Lucky for you that she's revealing her true nature before you get married. And no, you don't wait to see what she wants, like some desperate, sad little boy (Pick me! Pick me!) Be the kind of strong, confident man who doesn't tolerate her behavior. Better to end it now than have to endure this stuff when you have kids and other investments.


----------



## Yeswecan (Jul 25, 2014)

*Re: Need good advice*

slathgarner, I had the same situation. Ring, wedding talk, fiance, yadda yadda, some other guy just kissing. Yadda yadda. Retrieved the ring and walked away never looking back.
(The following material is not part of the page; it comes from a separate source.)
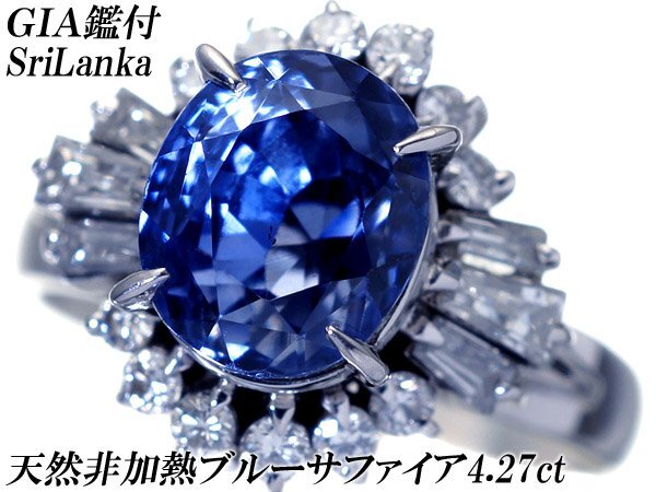 1円~【ジュエリー極】GIA鑑 超特大 天然非加熱バイオレットブルーサファイア4.27ct&ダイヤモンド 超高級Pt900リングh7905ikr【送料無料】
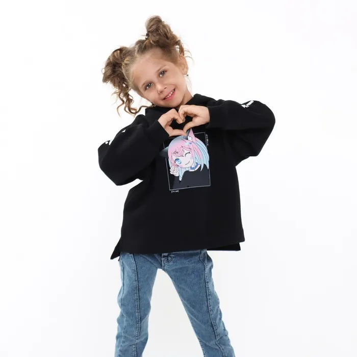 Толстовка для девочки, цвет черный, рост 104 см — Характеристики

Best decision I ever made. 

Moving back to your old state will not change a thing except the PA will be much harder now that the OM she is only just kissing is a few states away. 

Run....


----------



## Yeswecan (Jul 25, 2014)

tryingpatience said:


> Your other post offers some clues as to what is going on. There is another man and she is cheating. That's why she can't decide on what she wants. You need to decide what you want to do. But know that you can't fix anything on your own.
> 
> If she is in limbo over your relationship you need to walk away and do the 180.


Bingo. 

You could do cartwheels all day. She has a new interest. That is the problem.


----------



## EleGirl (Dec 3, 2011)

*Re: Need good advice*

Your fiance is having an affair. 

It's highly doubtful that she has only "just" kissed the guy. Though does that really matter? 

The reason she says that she does not know what she wants is that the other guy has not asked her to marry him. So she's waiting until he does to dump you. Of course he probably never will. So you are the fallback guy. She would rather marry him. But if that does not work out, you will do.

You need to realize that this is an affair. She is seriously disrespecting you and cheating. 

Do you know who this guy is by the way?

You need to just pack up and move back to your home state. Just tell her that you are done and go. Your relationship is over. Thank goodness this happened before you married her.


----------



## EleGirl (Dec 3, 2011)

*Re: Need good advice*

How long have you known about her affair?


----------



## tech-novelist (May 15, 2014)

*Re: Need good advice*

Oops, I see you have a child together. That makes it much more difficult. Sorry to hear you are in this mess.


----------



## EleGirl (Dec 3, 2011)

slathgarner,

You have another thread. Between the two threads, it sounds like you are talking about two different relationships. Your fiance is having an affair. That's some important info you left off this thread. If you want useful input then keep your story on one thread. I'm going to combine your threads so that readers adn see the whole story.


----------